AT&T reduces loss from record sales of smartphones
25 Jan 2013
AT&T Inc, the largest US phone company, reported a smaller fourth-quarter loss after customers bought a record number of discounted smartphones, including 8.6 million of Apple Inc iPhones.
The loss was down to $3.86 billion, or 68 cents a share, from $6.68 billion, or $1.12, a year earlier, according to Dallas-based AT&T. Excluding charges such as pension costs, profit was 44 cents a share, and sales did not change much at $32.6 billion, beating the estimate of $32.2 billion.
The company signed up 780,000 contract customers, offering smartphone prices that squeezed profits. Chief executive officer Randall Stephenson is working on catching up with the subscriber growth of Verizon Wireless, which added 2.1 million contract customers last quarter.
AT&T forecast sales this year of around $130 billion, as against the $128 billion. According to the company earnings per share would expand by a percentage in the ''upper single digits or higher.'' Analysts estimate an increase at 9 per cent.

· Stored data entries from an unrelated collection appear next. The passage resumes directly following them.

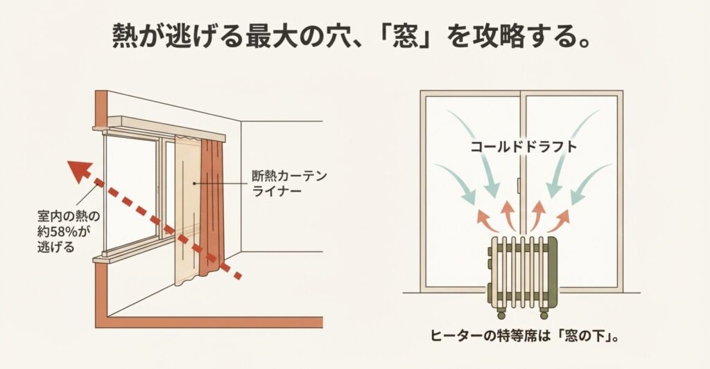 窓の下にヒーターを置くと、ヒーターから立ち昇る暖かい空気(アップドラフト)が冷気をブロックして、「ヒートカーテン」の役割を果たしてくれるんです。これだけで体感温度が全然違いますよ。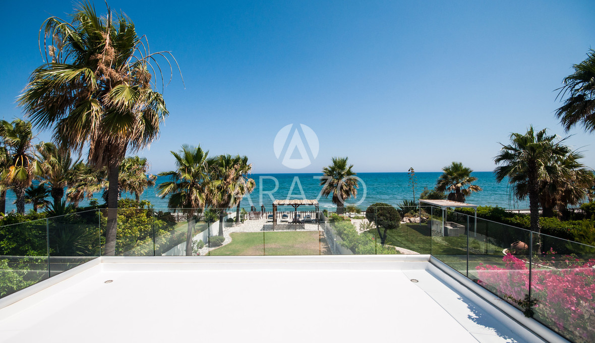 The villa is partially furnished, allowing you to move in with ease while allowing room for your personal touch. The highlight of the property is its panoramic views, including stunning sea views from multiple vantage points. As it is situated right on the seafront, you can enjoy the calm and beauty of the coastline every day.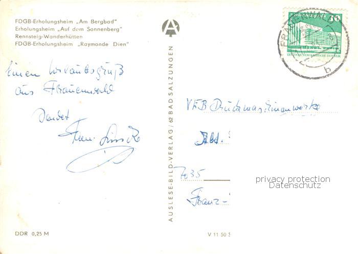73753886 alte Postkarte Frauenwald Thueringen FDGB Erholungsheime Am Bergbad Auf dem Sonnenberg Rennsteig Wanderhuetten FDGB Erholungsheim Raymonde Dien postalisch gelaufen Erhaltung siehe scans [FriedD77] KatCode: 11110016070015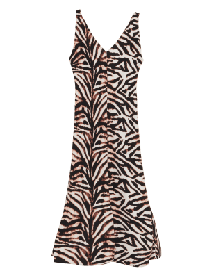 Stay cool on summer days with this breezy animal print column dress. This sleeveless style is cut to a regular fit, with a midi-length hem and a v-neck for easy wear. A tie detail at the back adds an elegant finish. M&S Collection: easy-to-wear wardrobe staples that combine classic and contemporary styles.

Like Verizon, AT&T sells smartphones such as Apple's iPhone 5, which debuted in September, at a loss in a bid to persuade customers to sign two-year subscriptions. A new AT&T user could buy the iPhone 5 for $649 without contract or for $199 by committing to a long-term deal, for example. Even though the discounts initially affect profit margins initially, they produce a steady stream of revenue over the life of the agreement.
AT&T had already announced last week in a filing that smartphone sales hit 10.2 million in the quarter, warning that hitting that record would hurt profits.